An acid-tolerant and cold-active β-galactosidase potentially suitable to process milk and whey samples.

A novel β-galactosidase gene (gal M ) was cloned from an aquatic habitat metagenome. The analysis of its translated sequence (Gal M ) revealed its phylogenetic closeness towards Verrucomicrobia sp. The sequence comparison and homology structure analysis designated it a member of GH42 family. The three-dimensional homology model of Gal M depicted a typical (β/α)8 TIM-barrel containing the catalytic core. The gene (gal M ) was expressed in a heterologous host, Escherichia coli, and the purified protein (Gal M ) was subjected to biochemical characterization. It displayed β-galactosidase activity in a wide range of pH (2.0 to 9.0) and temperature (4 to 60 °C). The heat exposed protein showed considerable stability at 40 and 50 °C, with the half-life of about 100 h and 35 h, respectively. The presence of Na, Mg, K, Ca, and Mn metals was favorable to the catalytic efficiency of Gal M , which is a desirable catalytic feature, as these metals exist in milk. It showed remarkable tolerance of glucose and galactose in the reaction.

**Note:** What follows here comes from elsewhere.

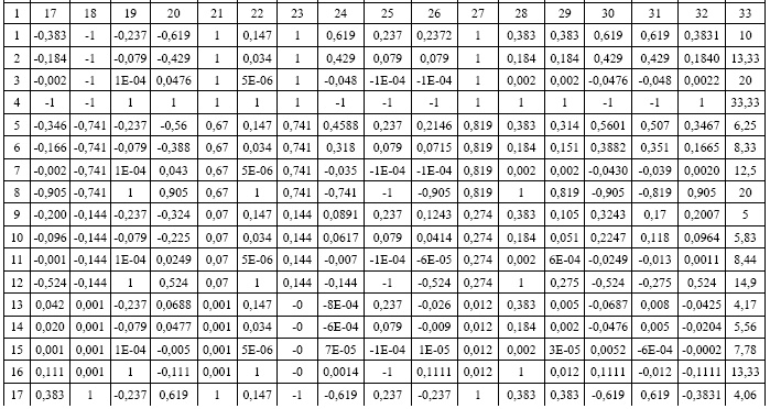 Для определения коэффициентов уравнения была составлена матрица Х, включающая в себя закодированные условия эксперимента (столбцы 2-32 таблицы 2) и матрица Y, включающая в себя результаты эксперимента (столбец 33 таблицы 2). Далее матрица Х транспонируется и умножается на исходную матрицу Х, получается матрица Xт ·X. Матрица Y также умножается на транспонированную матрицу X, получается матрица Xт ·Y. Затем для матрицы Xт ·X вычисляется обратная матрица матрицы Xт·X-1. Перемножив обратную матрицу Xт ·X-1 и матрицу Xт ·Y получим матрицу коэффициентов уравнения. Аналогичные действия были проведены и для других источников. Коэффициенты уравнения представлены в таблице 3.
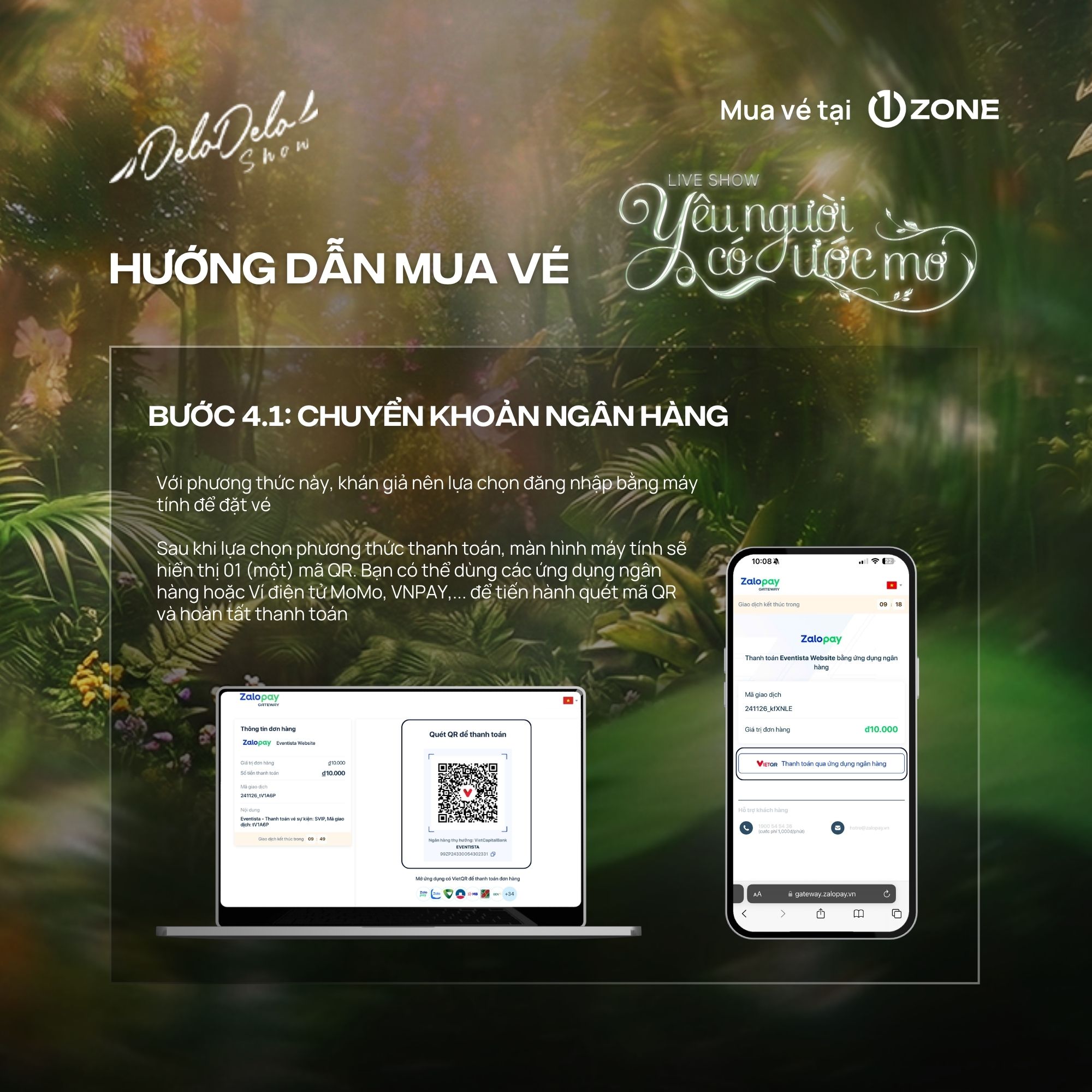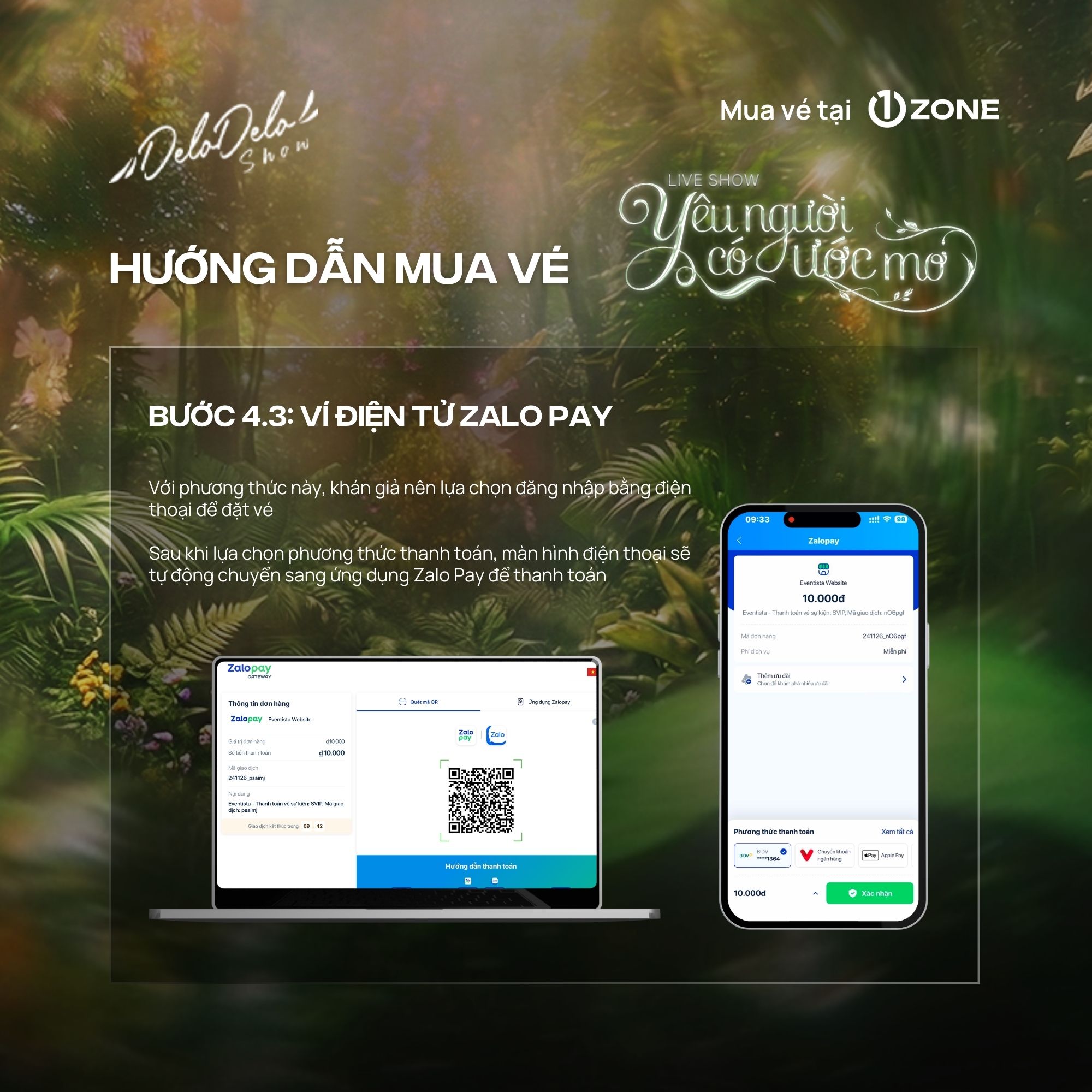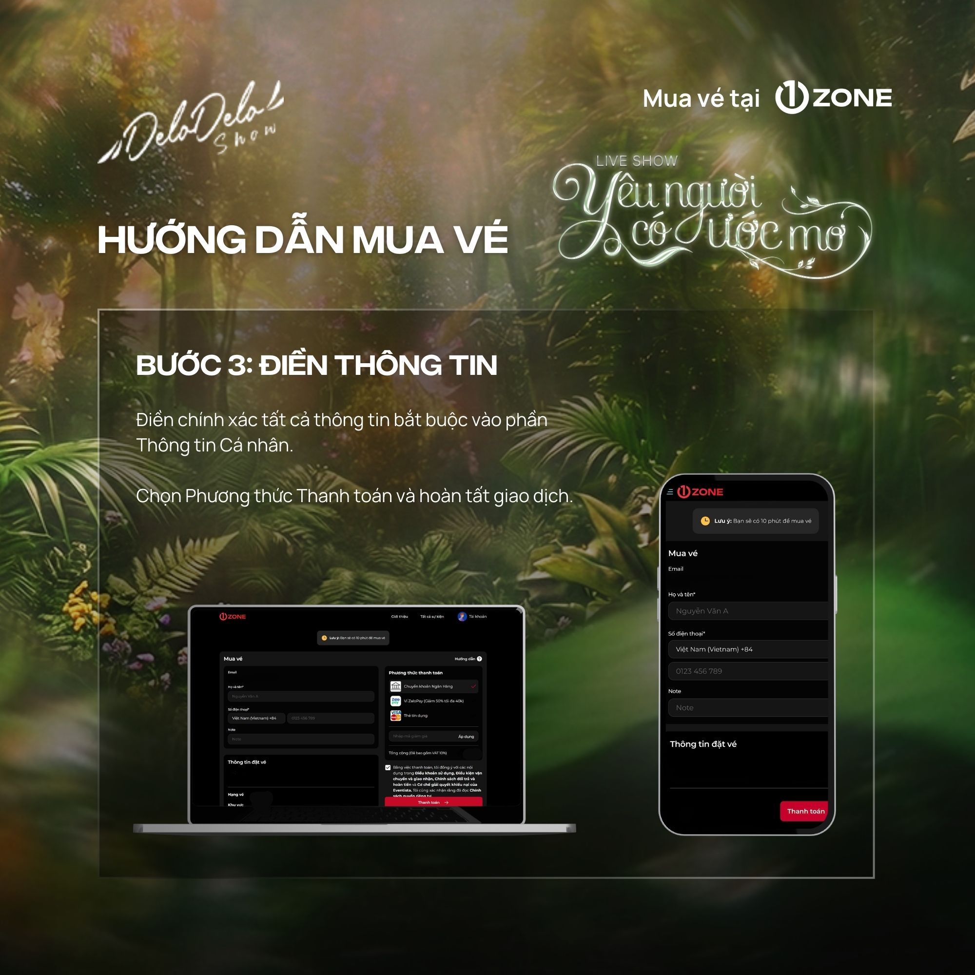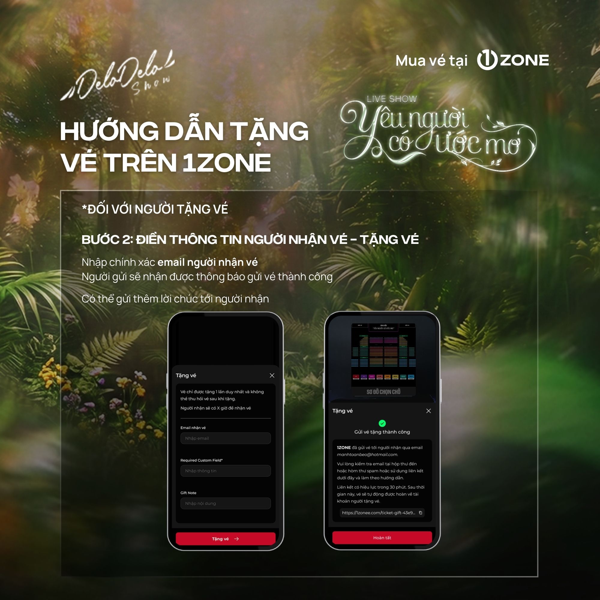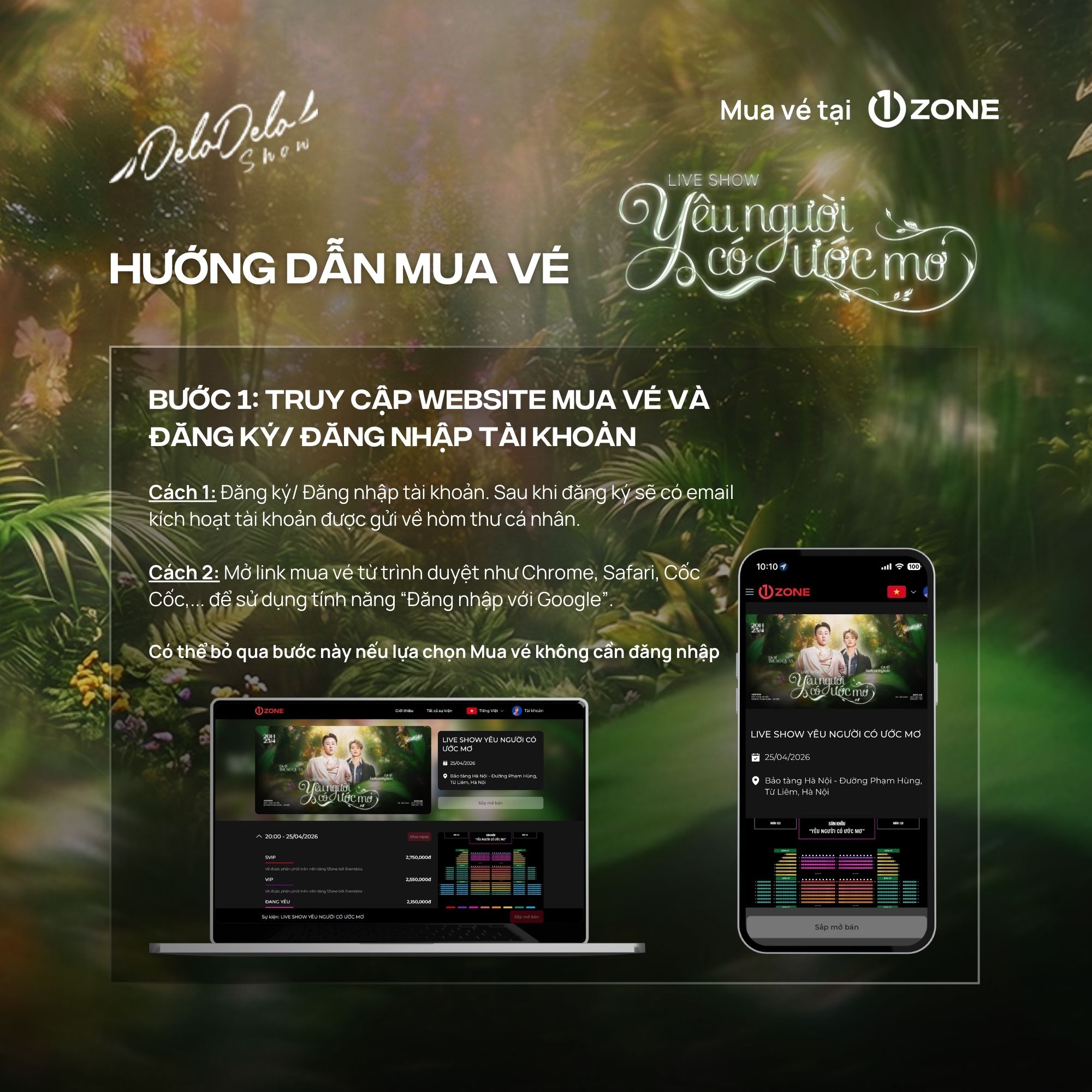 + 1ZONE là đơn vị bán vé độc quyền duy nhất được Delodelo Show ủy quyền cho Liveshow "Yêu người có ước mơ" Quý khán giả cần thận trọng tránh mua phải vé trên các cổng bán vé giả mạo.

Furthermore, Gal M discerned transglycosylation activity that is useful in galacto-oligosaccharides' production. These biochemical properties specify the suitability of this biocatalyst for milk and whey processing applications. KEY POINTS: • A novel β-galactosidase gene was identified and characterized from an aquatic habitat. • It was active in extreme acidic to mild alkaline pH and at cold to moderate temperatures. • The β-galactosidase was capable to hydrolyze lactose in milk and whey.